The table sitallel needs to be manually edited and then put into a U disk, and is not automatically created by the router. The most complete website category information is stored in the table, but since the table is too large and the search is time-consuming, some search work is only performed at night when the equipment is idle (e.g. 1 am).
The table siteomn stores common websites screened from table sitall, and also stores the websites manually, such as a U disk.
The top 1000 records with the highest number of visits counted according to surfingdata are stored in table sitefreq. If there is no table to create, the table contents are initially the same as table siteomn.
2. Each time 300 records are removed from the queue, if the flag field is CHECKREPLY, the URI and information about the host, time, etc. are written into the table surfingCurHour of the database. And when the data base is written, generating a historyid according to the current time, the intranet host ip and the URI information. Where the time portion needs to be processed, if the number of seconds is less than 9, then 9 is taken, if less than 19, then 19 is taken, and so on. The part of the URI information used for calculation does not exceed 64 bytes, and if the URI information exceeds 64 bytes, the last 64-byte part is taken. Since historyid is defined as the primary key, the historyid is the same and replaced when writing to the database. Thus the same recording will only be recorded once in 10 seconds due to the special handling of the time part.

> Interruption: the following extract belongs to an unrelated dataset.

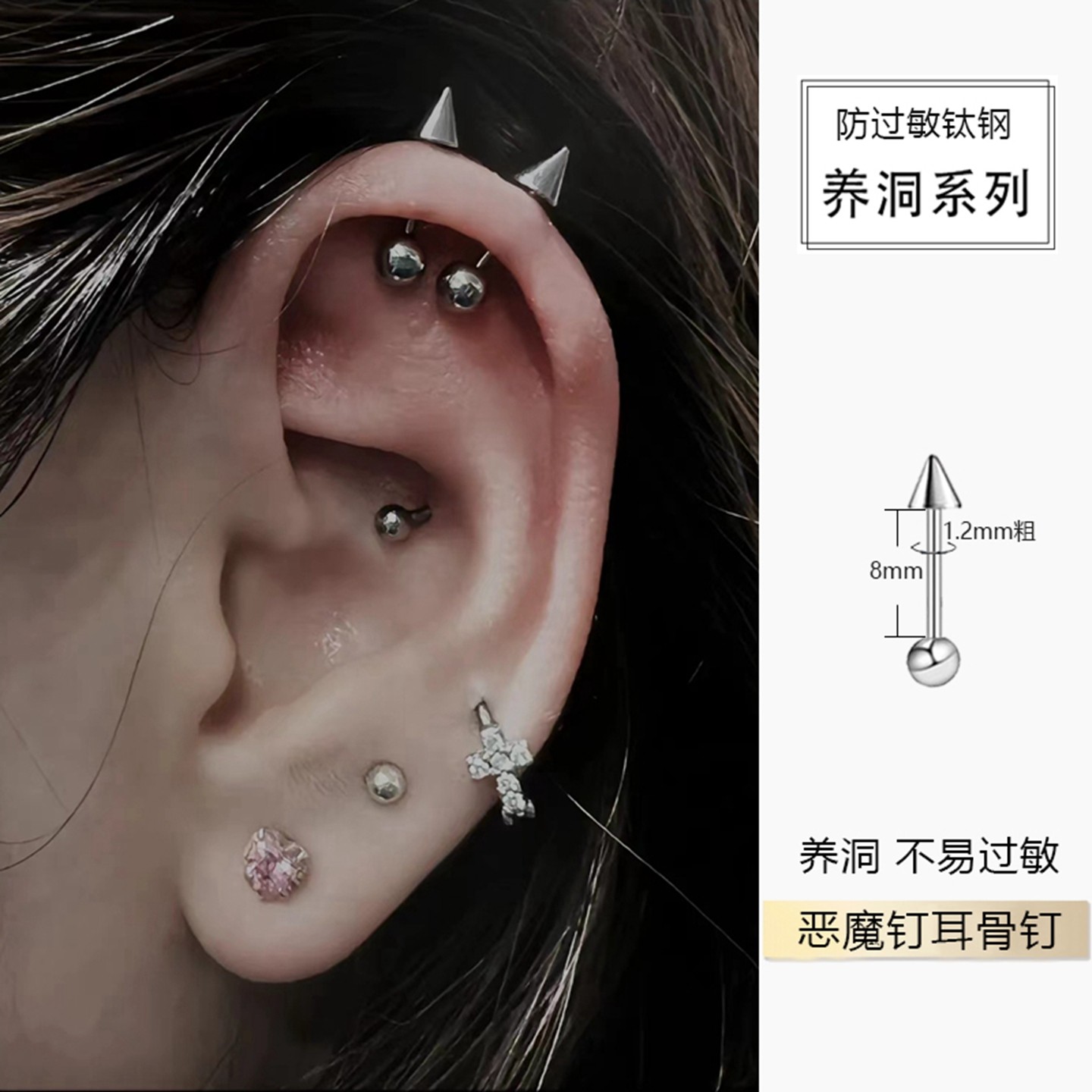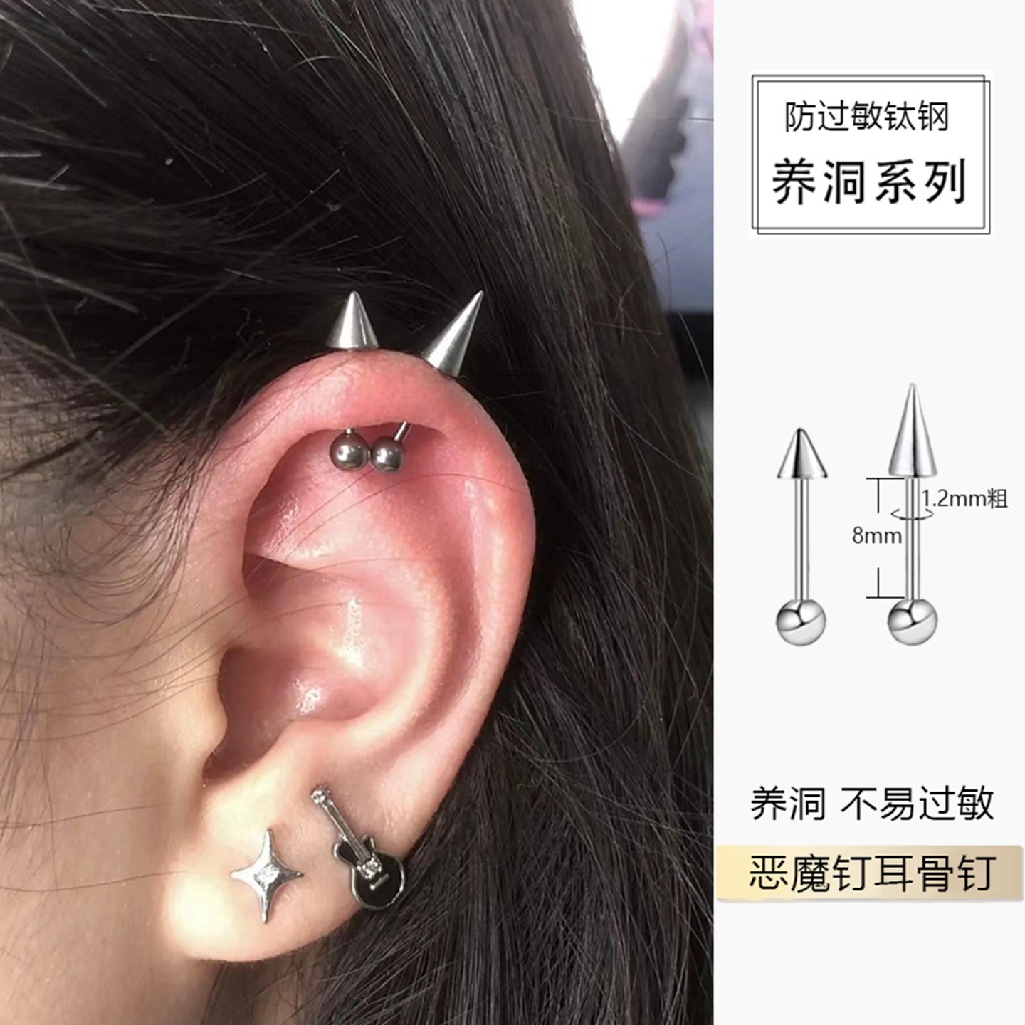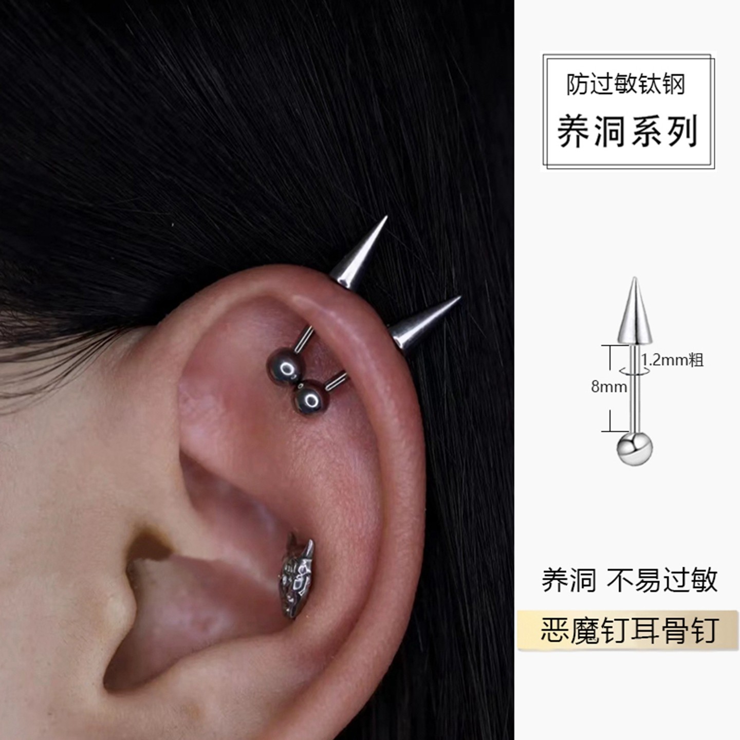 📚 双头尖锥耳骨钉恶魔角垂直helix耳钉高位上耳轮钉医用钛钢养耳洞

3. Records in the table surfingCurHour are moved to surfingDaily every 1 hour. If the current time is 1 point in the morning, a statistical table surfingDaily is used, 1000 websites with the largest access times are counted according to the Host field of the main station, if the types of the websites in the 1000 websites with high access frequency are 'unclassified', the websites are inquired in a sitall table, if the types of the websites with high access frequency are not inquired, the initial part of the domain name is changed into www and then is searched in the sitall table, and if the types of the websites with high access frequency are not inquired, the websites are classified into 'unclassified'. Then, these 1000 pieces of station information are updated to the sitefreq table and to the fqt _ addr variable in the memory.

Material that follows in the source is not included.